The predicted class is:

$$\widehat{y}=\left\{\begin{array}{cc}1,\hfill & \mathrm{if}\widehat{y}\ge 0.5(\mathrm{Positive}\mathrm{Sentiment})\hfill \\ 0,\hfill & \mathrm{otherwise}(\mathrm{Negative}\mathrm{Sentiment})\hfill \end{array}\right.$$

(18)

4.5. Dropout Regularization

Dropout regularization is essential in preventing overfitting in deep neural networks, which often occurs due to the large number of parameters. By randomly deactivating neurons during training, dropout ensures the model generalizes well to unseen data instead of relying on a small subset of neurons. Implemented in both the BGRU and LSTM layers with a 20% dropout rate, this technique enhances robust learning, reduces test error rates, and prevents the model from over-relying on specific words or phrases, ultimately improving overall classification accuracy.

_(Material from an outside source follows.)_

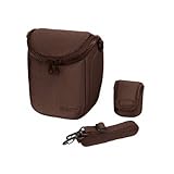 It fits well NEX 6 camera with the lens. Just the right compact size to carry either on its strap or in the hand luggage.The first thing that I expect from a case for a relatively expensive digital camera is to be protective, then the design, color, price and etc. come after that. This case's material is good for the small and light point-and-shoot cameras but for the DSLRs this type of material is not protective and the camera would be at the risk of damage.

Figure 3 shows the illustration of this operation on one neural network, as Figure 4 shows the application of the same in our model.

DL has several especially useful new techniques, including regularization by dropout, and without which it could not have made much progress. Regularization by dropout randomly blocks a fraction, termed the dropout rate of connections in a network [41]. This is achieved by a mask that is randomly generated but has the same dimensions as the connection between the two layers.

The Algorithm 1 presents the different procedures of the hybrid BGRU-LSTM for opinion mining.

Algorithm 1 HBGRU-LSTM for opinion mining.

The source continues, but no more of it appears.